# using compressor indoors



## matchley

I have recently bought a 6 gallon air compressor and am wondering if i can use it indoors. the instructions say not to, but that seems like overkill. 

i am putting in flooring on the second floor and need the thing upstairs, or need to buy a super long air hose.

any precautions?

thanks!


----------



## jerryh3

Is there a reason it says not to use it indoors? It probably exceeds the safe noise limits operating in a closed space. Wear ear protection and you should be fine. It is an electric compressor right?


----------



## Sir MixAlot

I'd buy the 100' of hose. Then you can communicate w/ others, listen to the radio, and think clearly while working without the loud noise that an air compressor makes. But if you don't mind the noise and the compressor is electric, then ear plugs should do the trick. :hammer:


----------



## Lansing

First I wear hearing aids and now only have 40% of normal hearing left...I hope you can figure why I told you that...I hear ringing in my ears all the time as well...Not nice believe me...

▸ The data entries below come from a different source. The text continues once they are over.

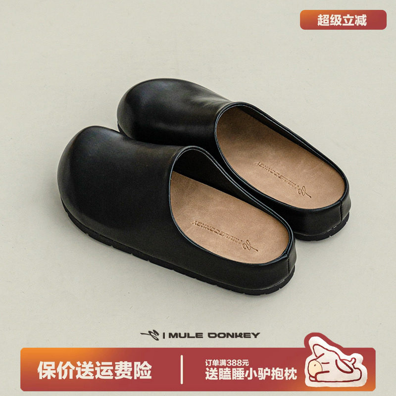 多嘴驴Donkey黑色穆勒鞋女春季外穿包头拖懒人一脚蹬百搭勃肯鞋男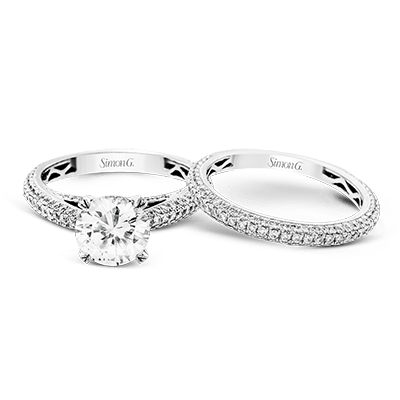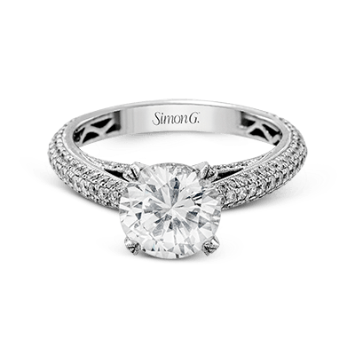 this classically styled white gold engagement ring is set with 1.30 ctw of shimmering white diamonds in a stunning design.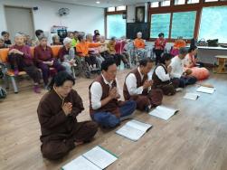 - [울산] 11월 17일 일요일, 연화팀 염불봉사 염불은 황망하고 쓸쓸한 영가의 마음을 어루만져 주는 가장 큰 공덕입니다. 부처님의 말씀을 전해 듣는 영가님의 복도 수승합니다. 휴일인데도 불구하고 참여해주신 포교사님들께 감사드립니다. 항상 뒷모습만 보여 드리지만 열심히 하시는 모습이 정말 아름답습니다. 수고들 하셨습니다. 팀장 각성 류동기 천안 김영길 수진향 정문엽 수월심 정동례 동참했습니다.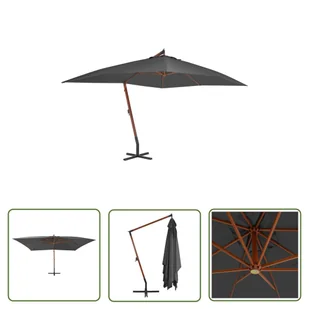 The Living Store Wiszący parasol z drewnianym słupkiem - 400x300 cm - antracytowy - Parasol Wiszący

If you can't get a hose long enough to come from outside ?? you could put the rig in a room your not using to cut the noise some in the one your working on ...BUT do wear the right hearing protection...I grew up where they were laughed at but now the hearing aids companies are getting rich of this issue...Its Not over kill....


----------



## DangerMouse

be sure to get a longer hose, do NOT go with a long extension cord.

'nuff said

DM


----------



## Lansing

MdangermouseM said:


> be sure to get a longer hose, do NOT go with a long extension cord.
> 
> 'nuff said
> 
> DM


I agree with your answer but could you state the reason why not to use a long cord...


----------



## DangerMouse

compressors have high amps and the longer the cord, the higher the resistance. overheating the cord and screwing up the machine. my old compressor won't even START with an extention cord! it just sits there looking at me all stupid until i plug it in right. (only happened once, but still, i learned.) sorry no explaination before, i was in a hurry.

DM


----------



## Lansing

Thanks for the answer...It makes good sense just as you said...


----------



## Nestor_Kelebay

matchley said:


> I have recently bought a 6 gallon air compressor and am wondering if i can use it indoors. the instructions say not to, but that seems like overkill.
> 
> i am putting in flooring on the second floor and need the thing upstairs, or need to buy a super long air hose.
> 
> any precautions?
> 
> thanks!


When I bought my air compressor, I also purchased two 50 foot air hoses from Costco for about $60. So far, I've only had to use one, and it's too long most of the time. Still, the small cost of two 50 foot air hoses will allow you to keep your compressor in your basement but use compressed air tools anywhere in your house.


----------



## amakarevic

why did you need such a large compressor ?


----------



## Lansing

Was told that its better to buy more air than less when getting a compressor...Whatever the project your needs will be covered...


----------



## duane1982

You can never have enough air. I like to buy compressors that pump to 200 psi and have good scfm. That way I have enough air to run my guns and have enough psi so if I need to use it to take lug nuts off with an impact wrench it has enough oommphff to do it :thumbup:


----------



## MgMopar

amakarevic said:


> why did you need such a large compressor ?


:confused1:
A 6 gallon compressor does not seem very LARGE it would still be very portable and would be able to be plugged into a standard wall outlet. I use compressors for everything from air files, impacts, spray gun to roofing nailers. I haven't used much smaller then a 20 gallon for anything but to fill tires in quite some time. 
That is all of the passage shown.